---------- Data for analysis ----------

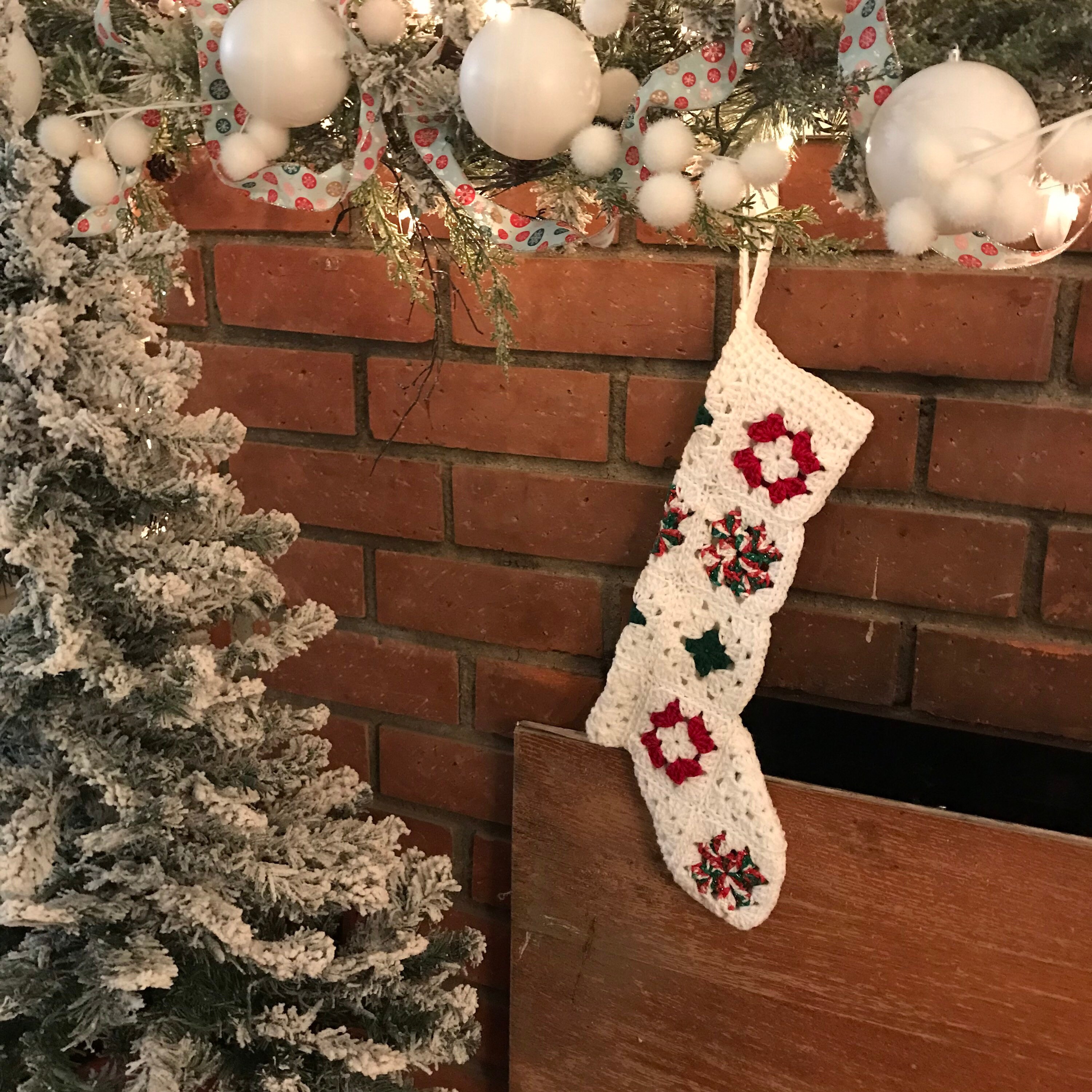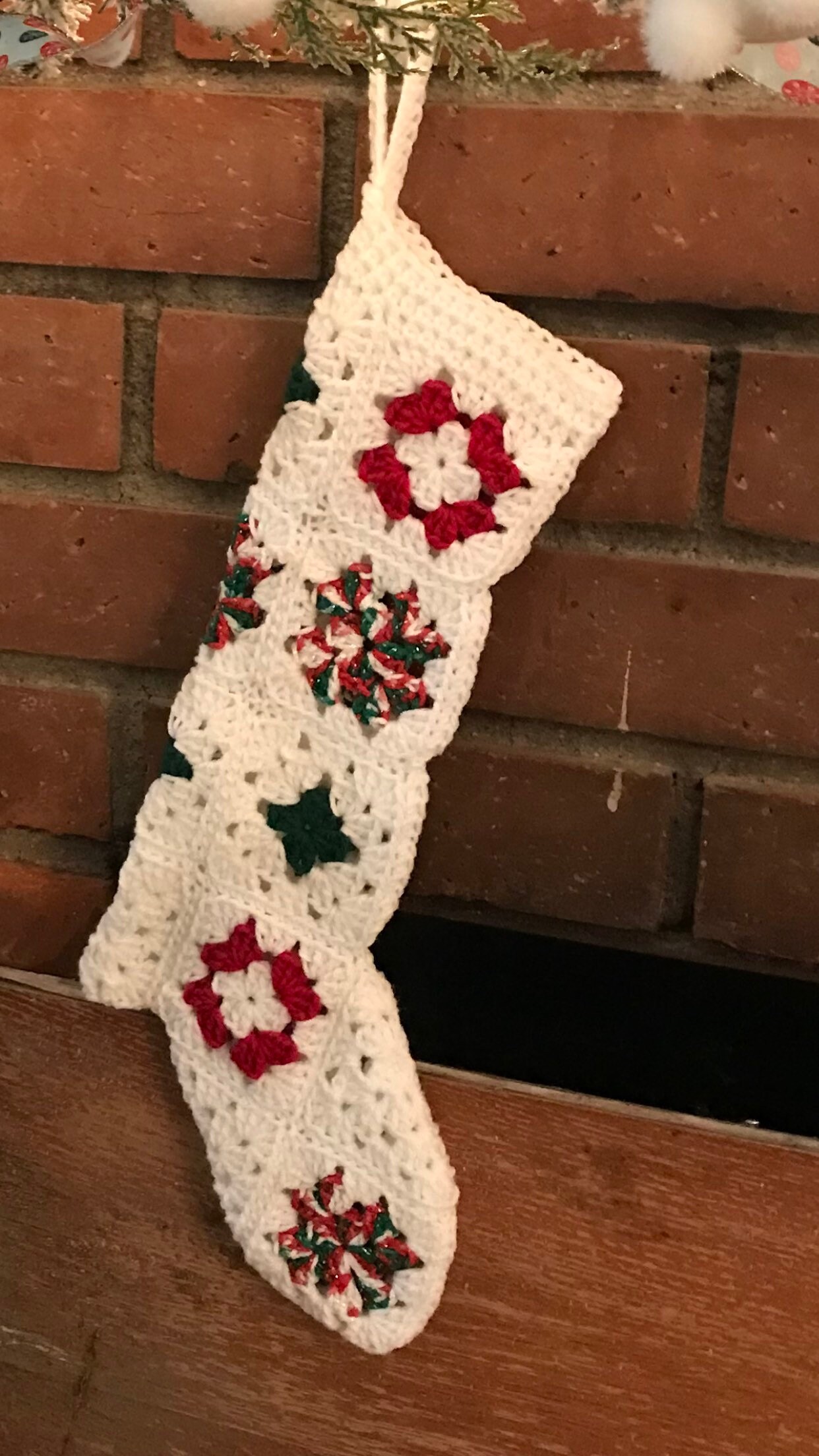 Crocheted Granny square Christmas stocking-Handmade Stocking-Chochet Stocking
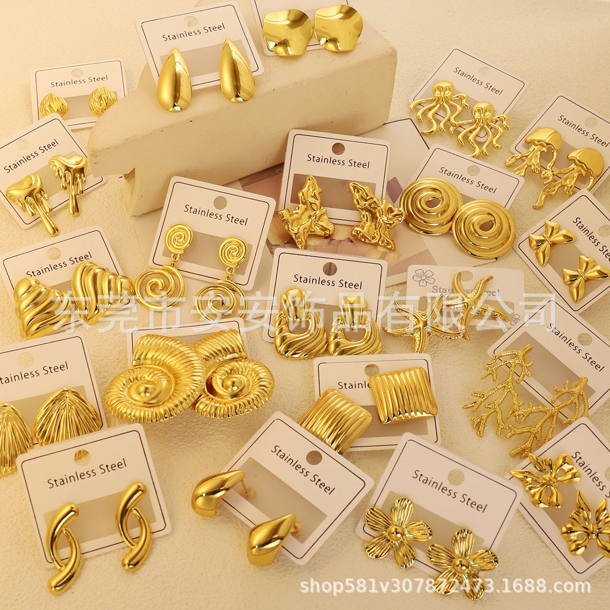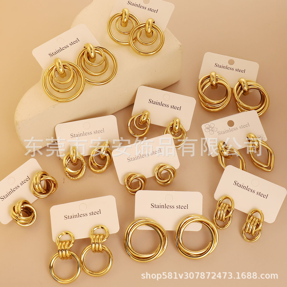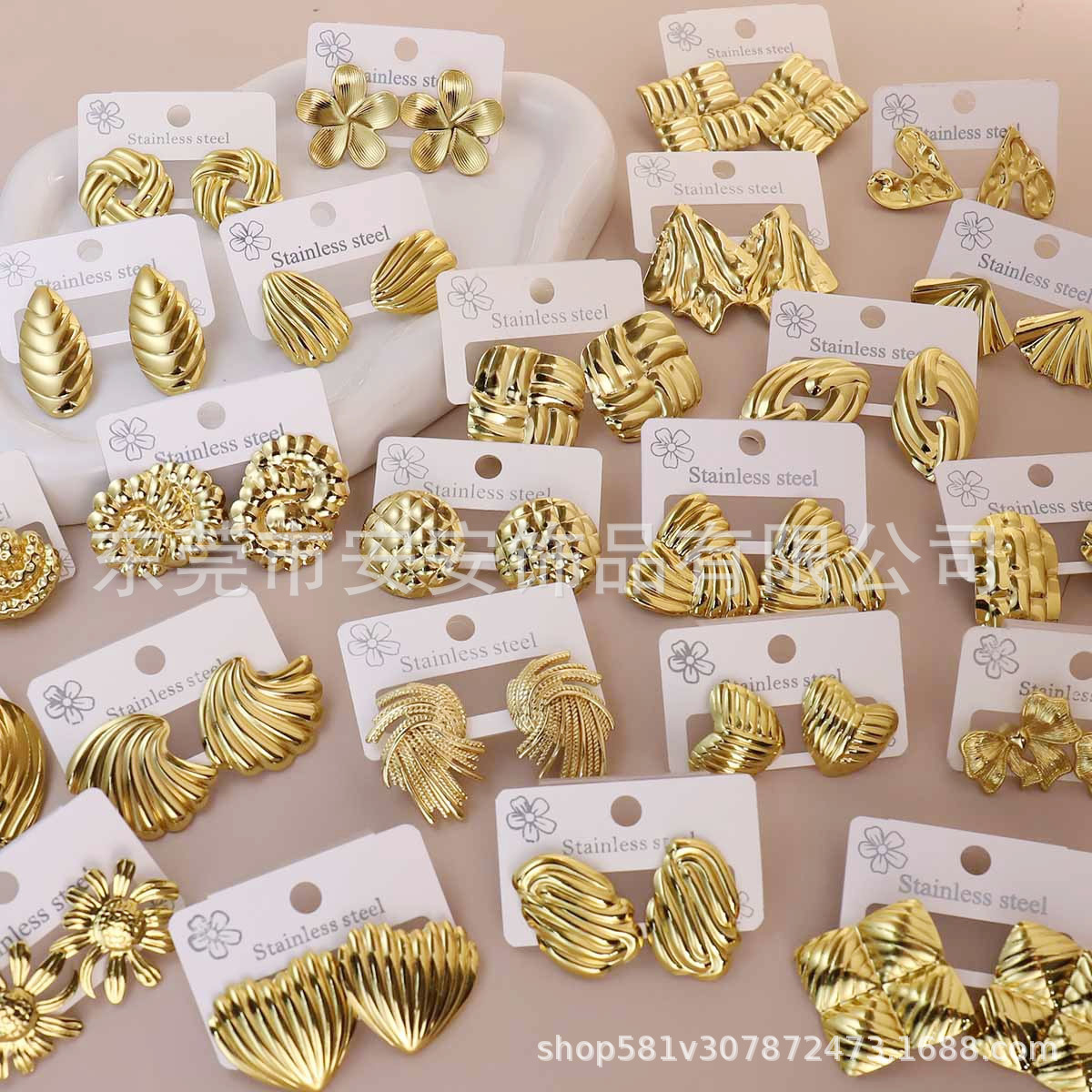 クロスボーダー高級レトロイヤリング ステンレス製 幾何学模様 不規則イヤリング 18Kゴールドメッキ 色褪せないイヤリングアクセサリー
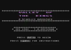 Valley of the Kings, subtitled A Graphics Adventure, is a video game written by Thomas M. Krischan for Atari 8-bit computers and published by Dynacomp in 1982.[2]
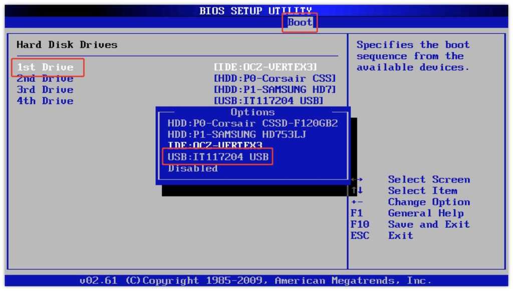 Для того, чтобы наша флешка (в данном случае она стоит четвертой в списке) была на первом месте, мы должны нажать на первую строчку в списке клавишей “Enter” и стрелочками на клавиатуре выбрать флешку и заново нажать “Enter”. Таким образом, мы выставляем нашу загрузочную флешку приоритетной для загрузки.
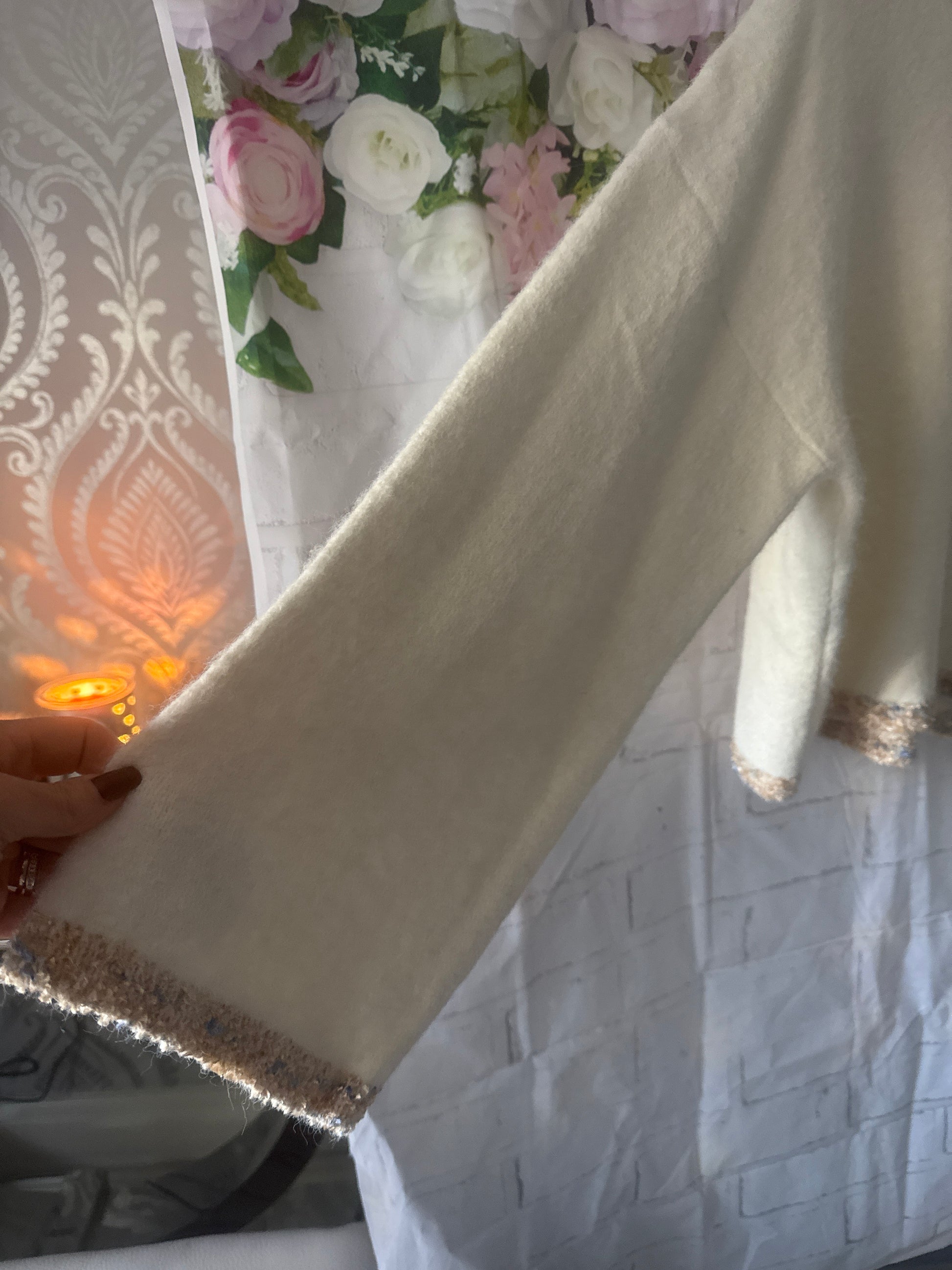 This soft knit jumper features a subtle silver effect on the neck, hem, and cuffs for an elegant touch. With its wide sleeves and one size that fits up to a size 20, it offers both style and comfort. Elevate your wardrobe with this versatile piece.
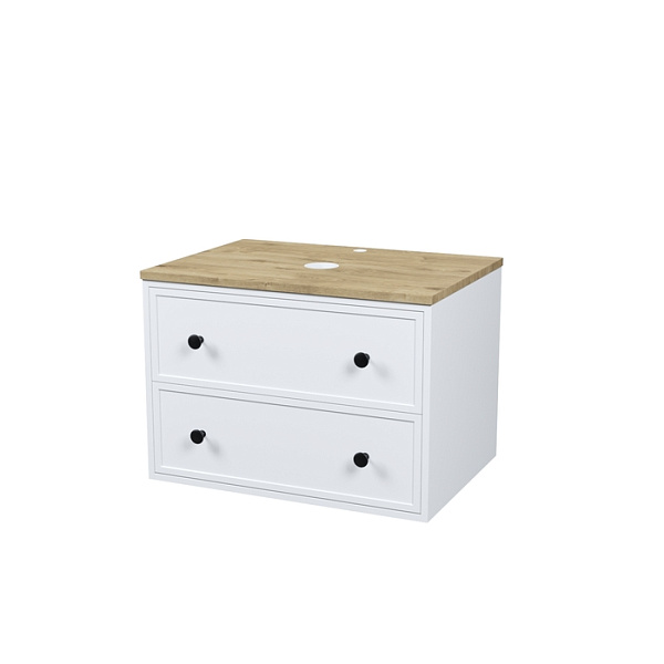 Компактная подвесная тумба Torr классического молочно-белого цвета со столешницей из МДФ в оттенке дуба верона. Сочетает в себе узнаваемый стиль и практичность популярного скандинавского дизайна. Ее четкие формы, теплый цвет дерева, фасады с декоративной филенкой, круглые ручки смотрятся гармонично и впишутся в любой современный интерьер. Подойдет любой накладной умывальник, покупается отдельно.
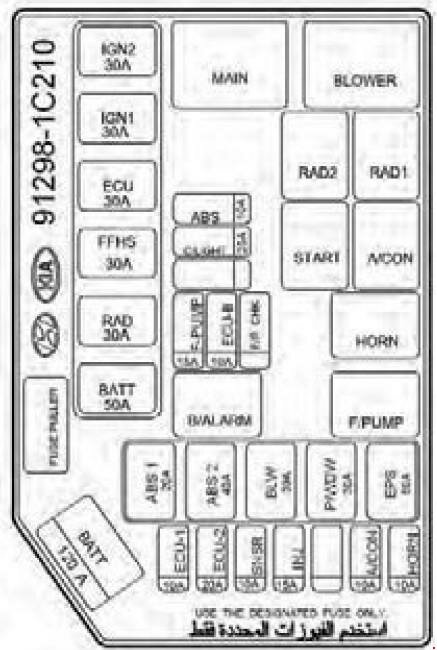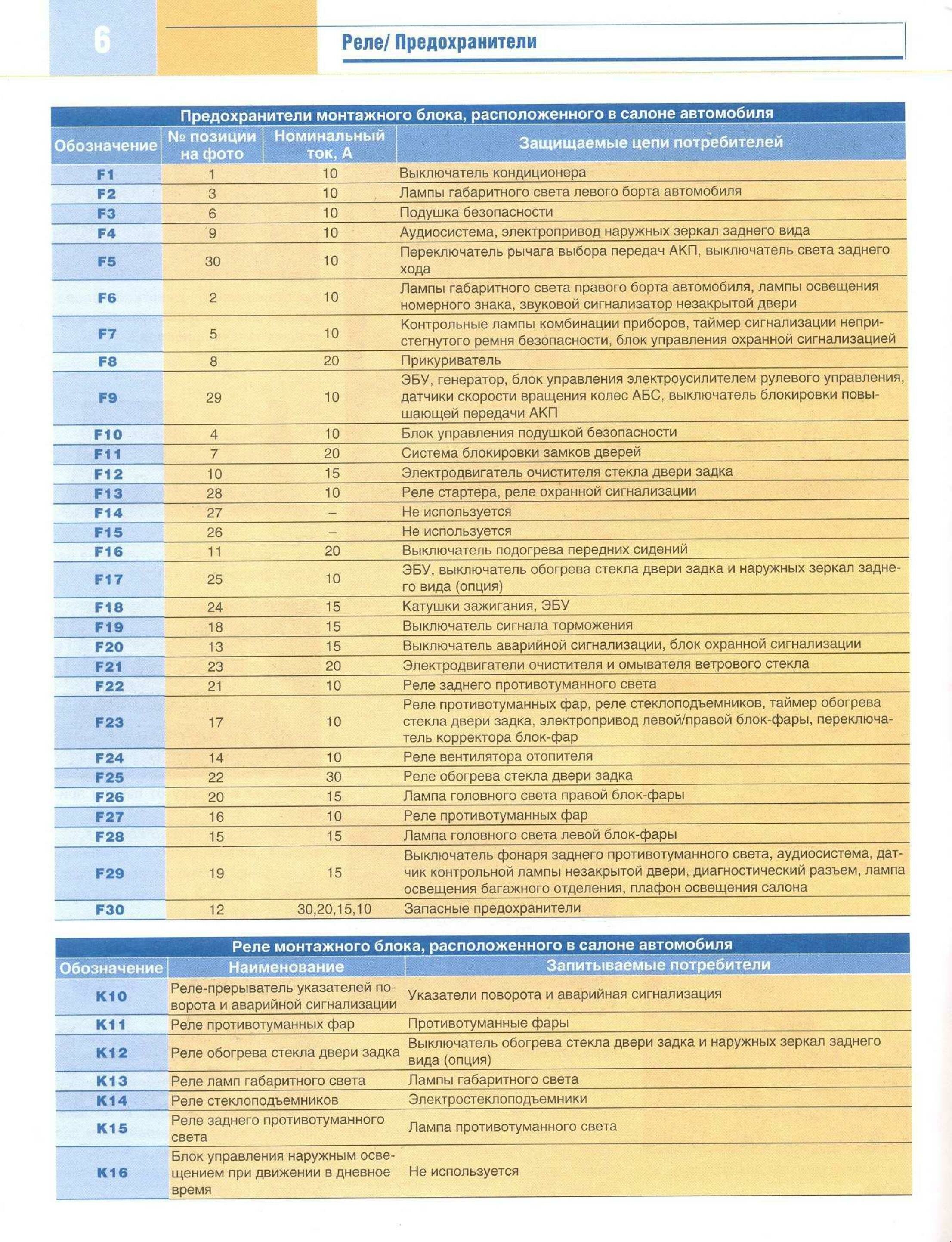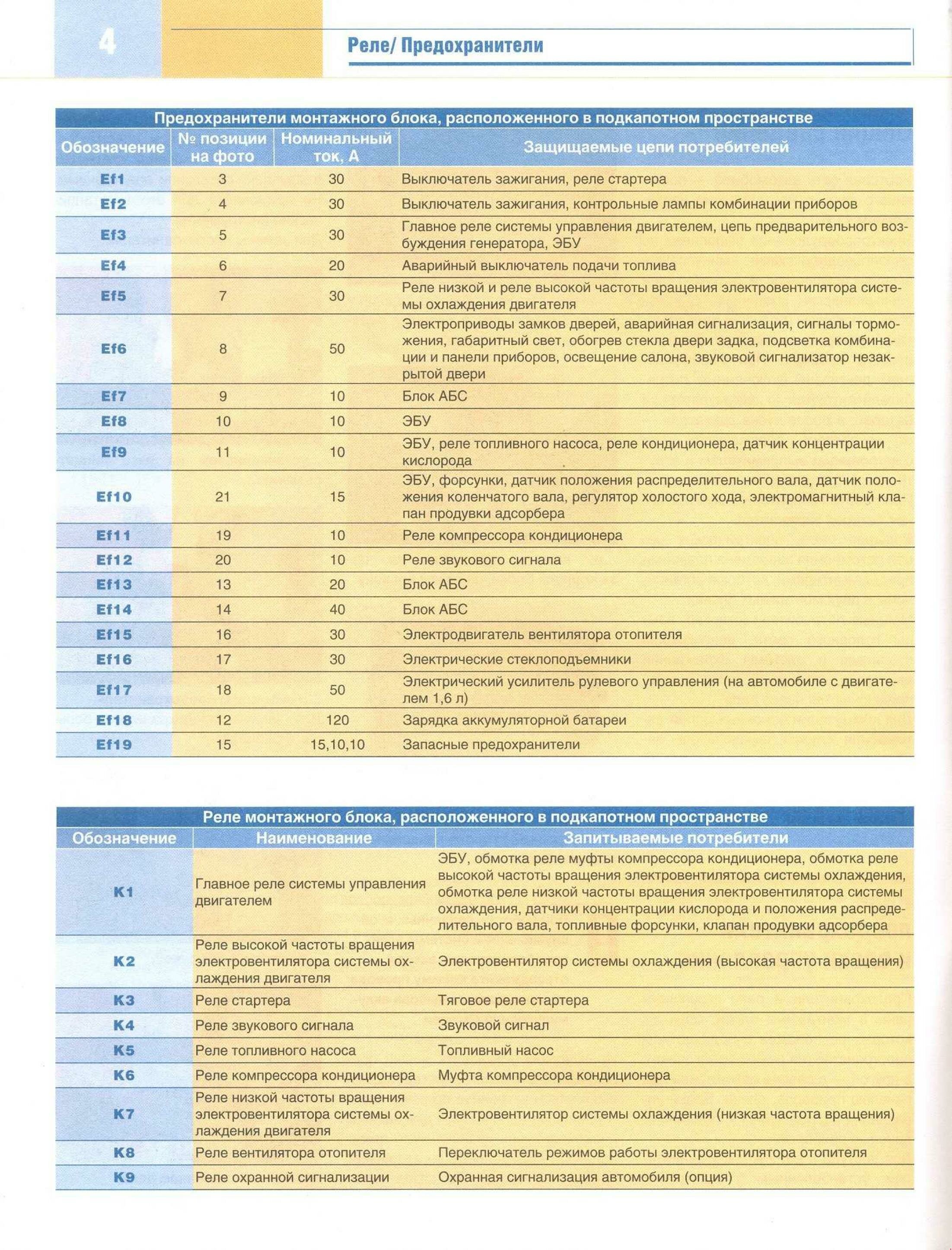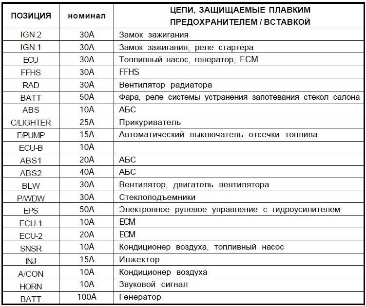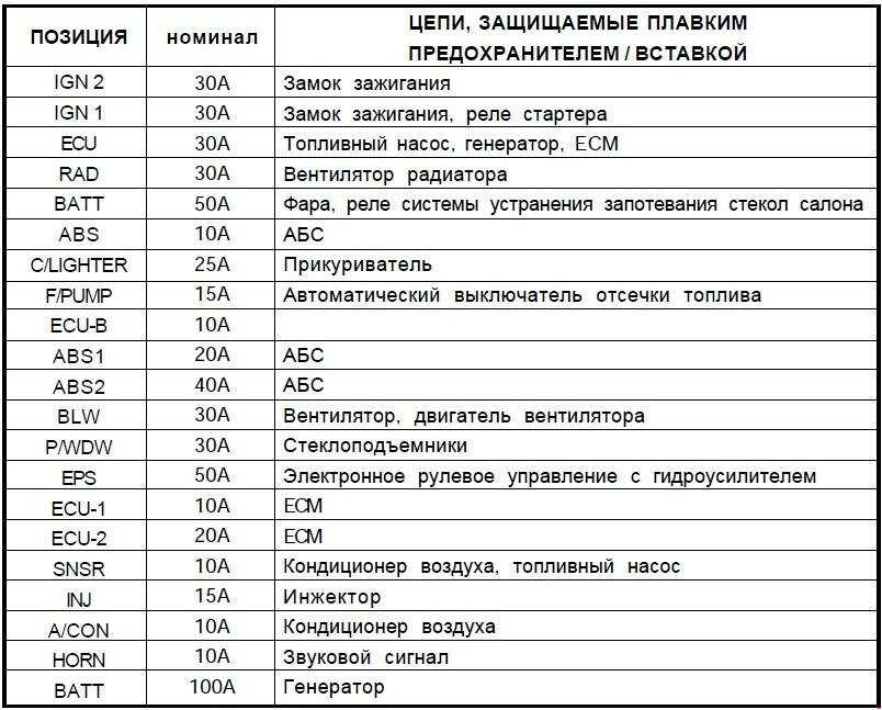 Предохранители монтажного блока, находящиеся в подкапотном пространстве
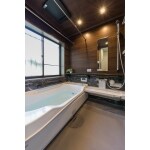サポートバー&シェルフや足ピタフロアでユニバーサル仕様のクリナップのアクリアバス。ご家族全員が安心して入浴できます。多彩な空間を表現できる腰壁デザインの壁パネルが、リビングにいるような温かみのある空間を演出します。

----------

- _What this task involves_
Each line from the first line of the records through the line containing "クロスボーダー高級レトロイヤリング ステンレス製 幾何学模様" must be reproduced exactly, with both ends included and all pictures omitted; nothing else belongs in the answer.

- _Result for this exercise_
 Crocheted Granny square Christmas stocking-Handmade Stocking-Chochet Stocking
 クロスボーダー高級レトロイヤリング ステンレス製 幾何学模様 不規則イヤリング 18Kゴールドメッキ 色褪せないイヤリングアクセサリー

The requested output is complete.